▸ **What to work on**: Of all the lines in the entries below, give again exactly those starting at the line containing "10月16日(金)本学学生の" and ending at the line containing "根据年报数据,2019年-2", both ends included, and no others.

▸ **Records for this task**:
*-*-*

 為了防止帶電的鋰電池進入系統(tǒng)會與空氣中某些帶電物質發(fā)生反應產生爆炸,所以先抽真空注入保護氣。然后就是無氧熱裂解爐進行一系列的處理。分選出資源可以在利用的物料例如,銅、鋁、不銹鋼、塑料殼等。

*-*-*

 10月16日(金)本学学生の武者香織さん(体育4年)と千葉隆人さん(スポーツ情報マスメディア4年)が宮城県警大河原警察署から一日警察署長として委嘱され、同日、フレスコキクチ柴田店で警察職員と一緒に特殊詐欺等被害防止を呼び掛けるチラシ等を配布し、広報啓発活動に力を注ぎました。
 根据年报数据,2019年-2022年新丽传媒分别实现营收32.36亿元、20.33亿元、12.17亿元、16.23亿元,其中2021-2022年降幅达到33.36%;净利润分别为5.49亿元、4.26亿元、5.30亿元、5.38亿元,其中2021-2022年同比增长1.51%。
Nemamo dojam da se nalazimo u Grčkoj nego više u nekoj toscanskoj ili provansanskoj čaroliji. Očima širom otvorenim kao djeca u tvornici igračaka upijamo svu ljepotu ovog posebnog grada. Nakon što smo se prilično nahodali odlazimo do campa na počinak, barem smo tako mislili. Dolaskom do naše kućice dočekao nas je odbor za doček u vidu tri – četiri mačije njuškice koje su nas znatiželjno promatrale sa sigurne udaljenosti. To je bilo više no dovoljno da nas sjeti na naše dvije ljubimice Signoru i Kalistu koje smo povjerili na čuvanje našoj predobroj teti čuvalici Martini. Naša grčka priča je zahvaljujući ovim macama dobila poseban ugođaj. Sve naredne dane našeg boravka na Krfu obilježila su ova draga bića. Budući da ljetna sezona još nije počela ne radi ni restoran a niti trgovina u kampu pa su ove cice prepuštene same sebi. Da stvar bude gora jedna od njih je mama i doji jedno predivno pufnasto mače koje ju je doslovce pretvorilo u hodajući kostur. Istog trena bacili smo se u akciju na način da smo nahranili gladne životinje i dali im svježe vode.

*-*-*

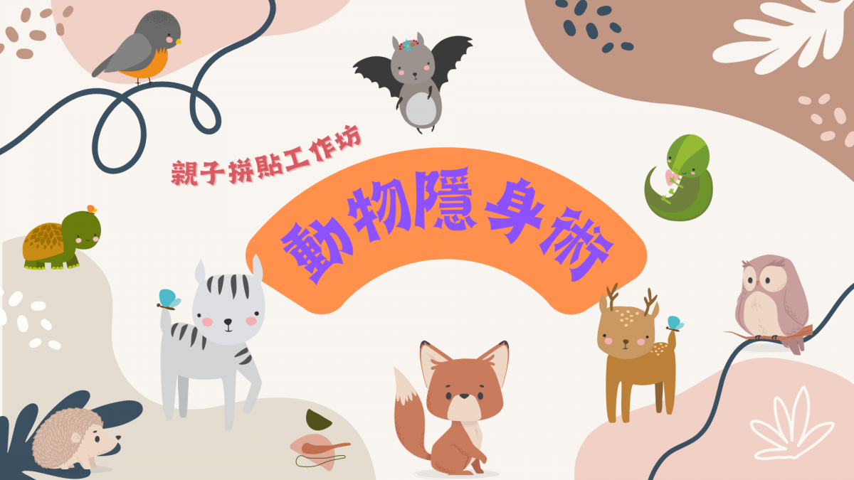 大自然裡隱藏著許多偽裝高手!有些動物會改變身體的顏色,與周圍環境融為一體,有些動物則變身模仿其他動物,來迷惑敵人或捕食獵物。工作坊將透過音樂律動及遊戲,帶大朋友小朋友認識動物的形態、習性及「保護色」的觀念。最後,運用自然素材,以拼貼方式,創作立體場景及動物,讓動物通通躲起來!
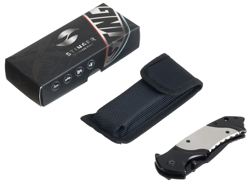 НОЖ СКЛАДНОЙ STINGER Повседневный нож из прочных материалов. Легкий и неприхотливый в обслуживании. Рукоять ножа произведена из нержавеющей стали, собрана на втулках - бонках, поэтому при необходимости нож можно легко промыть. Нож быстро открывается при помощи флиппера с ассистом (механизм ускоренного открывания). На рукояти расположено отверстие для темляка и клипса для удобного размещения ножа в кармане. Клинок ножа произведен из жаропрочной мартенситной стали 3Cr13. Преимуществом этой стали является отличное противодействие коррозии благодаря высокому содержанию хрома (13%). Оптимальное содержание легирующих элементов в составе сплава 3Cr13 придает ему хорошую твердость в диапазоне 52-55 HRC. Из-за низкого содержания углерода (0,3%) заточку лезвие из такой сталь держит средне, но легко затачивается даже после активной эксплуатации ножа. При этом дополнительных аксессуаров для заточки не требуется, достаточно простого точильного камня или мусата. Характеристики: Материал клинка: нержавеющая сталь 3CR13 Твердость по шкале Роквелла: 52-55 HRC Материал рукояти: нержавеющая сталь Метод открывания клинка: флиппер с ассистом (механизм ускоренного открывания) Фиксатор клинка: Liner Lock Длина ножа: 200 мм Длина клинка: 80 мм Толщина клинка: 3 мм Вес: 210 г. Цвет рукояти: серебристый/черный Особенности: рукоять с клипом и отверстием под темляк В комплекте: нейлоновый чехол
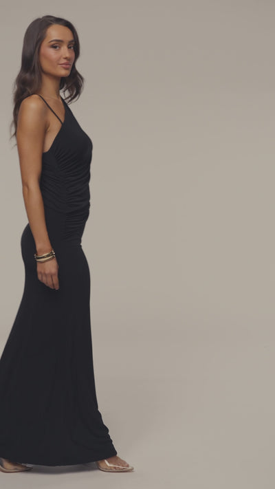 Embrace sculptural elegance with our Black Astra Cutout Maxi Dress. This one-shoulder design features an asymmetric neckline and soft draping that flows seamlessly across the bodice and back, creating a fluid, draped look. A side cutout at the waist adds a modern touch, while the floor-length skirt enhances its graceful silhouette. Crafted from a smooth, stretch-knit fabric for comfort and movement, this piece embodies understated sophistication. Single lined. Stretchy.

*-*-*

▸ **Output for this exercise**:
 10月16日(金)本学学生の武者香織さん(体育4年)と千葉隆人さん(スポーツ情報マスメディア4年)が宮城県警大河原警察署から一日警察署長として委嘱され、同日、フレスコキクチ柴田店で警察職員と一緒に特殊詐欺等被害防止を呼び掛けるチラシ等を配布し、広報啓発活動に力を注ぎました。
 根据年报数据,2019年-2022年新丽传媒分别实现营收32.36亿元、20.33亿元、12.17亿元、16.23亿元,其中2021-2022年降幅达到33.36%;净利润分别为5.49亿元、4.26亿元、5.30亿元、5.38亿元,其中2021-2022年同比增长1.51%。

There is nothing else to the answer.